No tocante ao termo humor propriamente dito, desde o médico romano Galeno está associado ao conjunto de líquidos (os humores: fleuma, o sangue e as biles), a parte úmida interna ao nosso organismo que seria responsável por variações no nosso estado de espírito, influenciando nossa saúde e bem estar.

Enquanto gênero artístico a palavra humor tradicionalmente define a percepção das contradições, do risível ou do ridículo de certa realidade ou contexto e sua expressão.

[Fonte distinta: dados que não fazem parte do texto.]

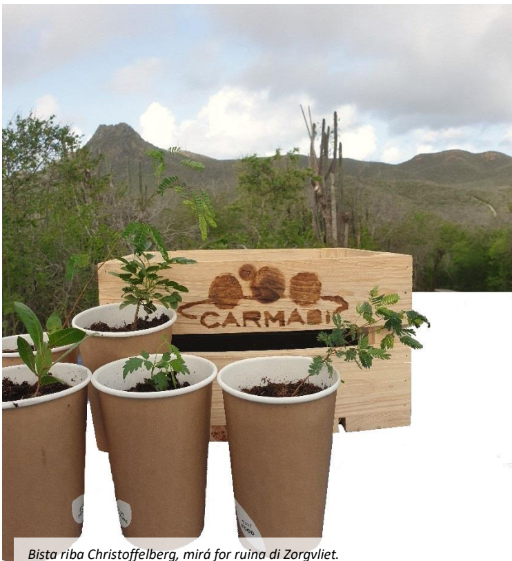
Bista riba Christoffelberg, mirá for ruina di Zorgvliet.

Por sosodé ku un tipo di mata a kaba. Den e surtido di Carmabi kasi sigur tin un alternativa akseptabel. Bisa nos si tin deseonan spesífiko.

Neste aspecto, o humor está na base da produção dos profissionais de entretenimento, mas e principalmente, do trabalho de artistas gráficos como cartunistas, chargistas, caricaturistas e quadrinhistas (RABAÇA e BARBOSA, 2002). Aparentado das histórias em quadrinhos e sendo basicamente construído com os elementos gráfico-visuais das HQs, o humor gráfico pode ser classificado em três categorias básicas e gerais, de onde provem praticamente tudo o que se faz neste tipo de arte: cartum, charge e caricatura.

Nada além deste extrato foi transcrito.